Middle East update: December 15-16 2018


A US-led coalition airstrike on Saturday destroyed a mosque in the town of Hajin that was reportedly being used as an ISIS command center. The Syrian Democratic Forces say they expect to have full control of the town “soon.”

A car bombing in the city of Afrin killed at least nine people on Monday. This comes after car bombings hit three other Turkish-controlled border towns over the past week and suggests that the YPG or some other Kurdish faction is involved.

If these bombings don’t increase the likelihood of a Turkish invasion of northeastern Syria, that may be because the invasion was already a foregone conclusion. Turkish rebel proxies are reportedly training in Aleppo province for their eventual deployment against the YPG. On the other side, the YPG’s political arm, the PYD, has reportedly rejected an offer from the Rojava Peshmerga, who are affiliated with the Iraqi Kurdistan Democratic Party, to help patrol the Turkish border. Since Ankara has good relations with the KDP, the US in particular seems to have pushed the PYD to accept the offer in the hopes that it might reduce tension on the border. Apparently the intra-Kurdish rivalry was too big a hurdle for the PYD to get over–though reportedly the US is still leaning on them to change their minds.

Things are looking up for Syrian President Bashar al-Assad from a friendship standpoint. On Sunday he was visited by none other than Sudanese President Omar al-Bashir, who as the only world leader currently wanted on war crimes charges at The Hague is something of a role model for President Assad. Bashir’s visit comes at a time when the Arab League is debating whether to normalize ties with Assad’s government because, well, it isn’t going anywhere. Meanwhile, Turkish Foreign Minister Mevlüt Çavuşoğlu said that Turkey would have no problem restoring relations with Assad’s government if he were to contest and win a “democratic election.” Because there’s nothing that the current Turkish government values more than a free and fair democratic process.
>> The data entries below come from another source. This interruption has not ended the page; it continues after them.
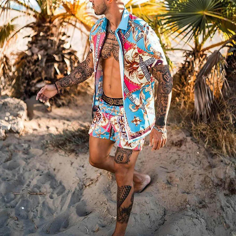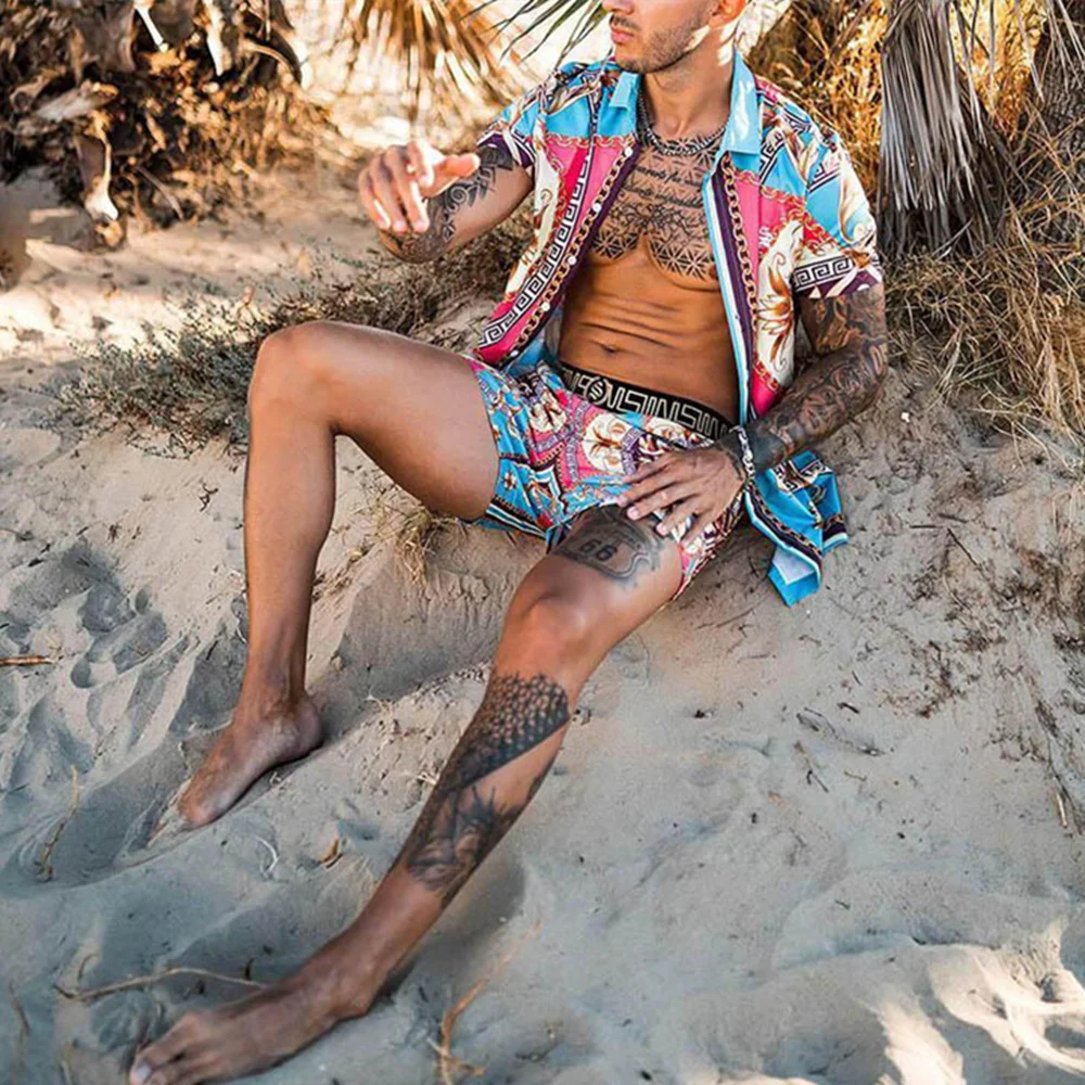 2021 новый модный Гавайский Мужской комплект с принтом летние шорты...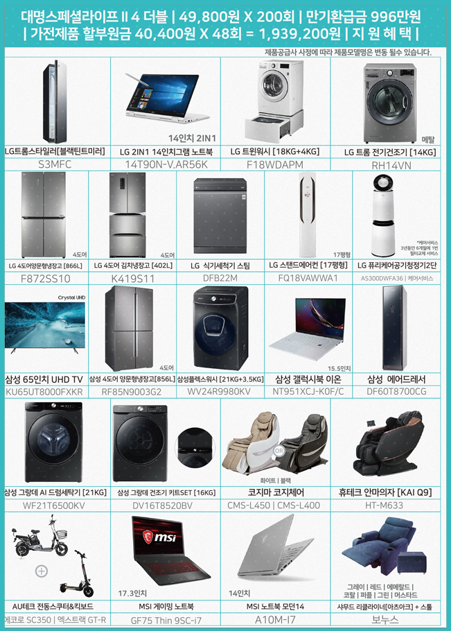 안마의자, 노트북 등의 상조가전제품지원까지!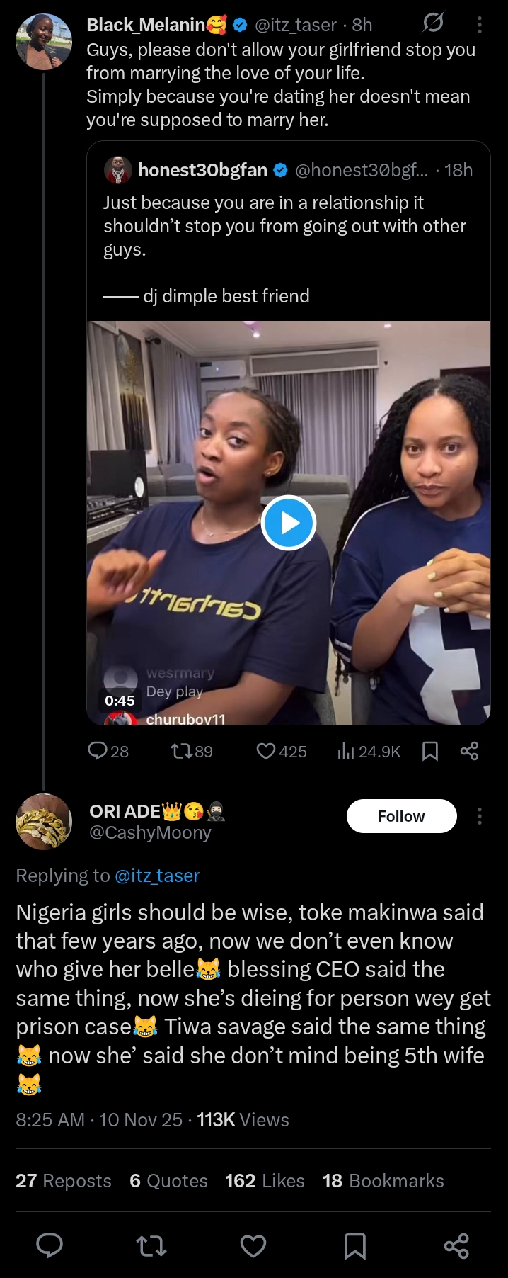 “Nigerian girls should be wise. Toke Makinwa said that a few years ago, now we don’t even know who gave her belle 😹 Blessing CEO said the same, now she’s involved with someone with a prison case 😹 Tiwa Savage said the same 😹 now she says she doesn’t mind being a fifth wife 😹”

Hudaydah’s ceasefire left at least 12 people dead and another 25 wounded over the weekend in multiple clashes between Houthi and pro-government fighters. That makes three straight days of fighting since the “immediate” ceasefire was supposed to take effect on Friday, and in response the United Nations announced on Sunday that the immediate ceasefire will now begin on Tuesday.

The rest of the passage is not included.